Note: This article is general information only and isn’t legal advice. If you need advice for your specific situation, get tailored legal guidance.
Why Employee Medical Information Disclosure Is A Legal “Grey Zone” For Employers
In most workplaces, health information comes up in practical, day-to-day ways, such as:
- an employee calling in sick and you need to manage resourcing
- a staff member disclosing anxiety or depression and asking for support
- a worker having restrictions after an injury and you need to ensure it’s safe for them to work
- a health condition impacting attendance, performance, or safety
From a business perspective, it’s natural to want enough information to make reasonable decisions. But medical information is also highly sensitive personal information, and employees are not generally required to “open the book” on their private health details.
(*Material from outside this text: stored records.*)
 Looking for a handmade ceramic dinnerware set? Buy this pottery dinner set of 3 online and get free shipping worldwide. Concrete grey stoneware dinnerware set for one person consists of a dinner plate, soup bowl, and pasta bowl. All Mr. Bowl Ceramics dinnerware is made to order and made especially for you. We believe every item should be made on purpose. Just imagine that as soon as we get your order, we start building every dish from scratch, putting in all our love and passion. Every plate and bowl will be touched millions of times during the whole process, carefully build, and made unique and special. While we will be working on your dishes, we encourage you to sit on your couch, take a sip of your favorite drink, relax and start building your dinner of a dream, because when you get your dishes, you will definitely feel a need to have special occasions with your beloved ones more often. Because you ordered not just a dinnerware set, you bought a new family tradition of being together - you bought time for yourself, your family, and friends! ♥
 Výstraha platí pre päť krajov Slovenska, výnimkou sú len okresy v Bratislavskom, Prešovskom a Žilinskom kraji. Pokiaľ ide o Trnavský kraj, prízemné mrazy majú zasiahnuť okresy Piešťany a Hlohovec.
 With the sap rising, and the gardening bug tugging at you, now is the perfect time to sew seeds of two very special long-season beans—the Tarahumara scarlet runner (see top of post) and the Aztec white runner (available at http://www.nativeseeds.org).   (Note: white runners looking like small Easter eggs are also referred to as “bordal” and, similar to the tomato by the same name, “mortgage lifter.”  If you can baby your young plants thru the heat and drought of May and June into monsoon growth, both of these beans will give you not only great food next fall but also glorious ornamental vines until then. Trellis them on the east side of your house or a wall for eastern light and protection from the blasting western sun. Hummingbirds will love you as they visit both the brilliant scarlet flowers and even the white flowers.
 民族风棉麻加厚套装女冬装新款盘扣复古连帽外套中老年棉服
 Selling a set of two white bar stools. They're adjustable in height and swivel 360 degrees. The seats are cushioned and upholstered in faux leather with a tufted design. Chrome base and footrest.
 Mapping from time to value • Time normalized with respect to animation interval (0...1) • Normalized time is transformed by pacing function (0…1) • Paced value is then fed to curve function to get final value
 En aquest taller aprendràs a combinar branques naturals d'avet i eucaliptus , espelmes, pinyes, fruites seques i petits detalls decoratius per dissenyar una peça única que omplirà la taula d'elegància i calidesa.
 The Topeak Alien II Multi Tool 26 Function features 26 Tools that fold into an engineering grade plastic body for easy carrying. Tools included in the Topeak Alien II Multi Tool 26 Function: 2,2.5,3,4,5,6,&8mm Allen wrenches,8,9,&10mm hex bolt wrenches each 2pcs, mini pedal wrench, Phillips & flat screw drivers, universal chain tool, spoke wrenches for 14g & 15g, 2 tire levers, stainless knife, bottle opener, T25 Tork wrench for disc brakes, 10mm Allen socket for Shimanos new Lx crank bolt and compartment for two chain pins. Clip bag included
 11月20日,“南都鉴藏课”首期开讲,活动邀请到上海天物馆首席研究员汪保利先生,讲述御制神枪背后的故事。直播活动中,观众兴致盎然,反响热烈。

The key is this: you can usually ask for what you reasonably need to meet your obligations, but you should avoid collecting more than necessary - and you must handle any information you do receive carefully.
What The Law Says In NZ: Privacy, Employment, Discrimination, And Health & Safety
There isn’t one single law that answers every question about employee medical information disclosure. Instead, your obligations sit across a few key areas.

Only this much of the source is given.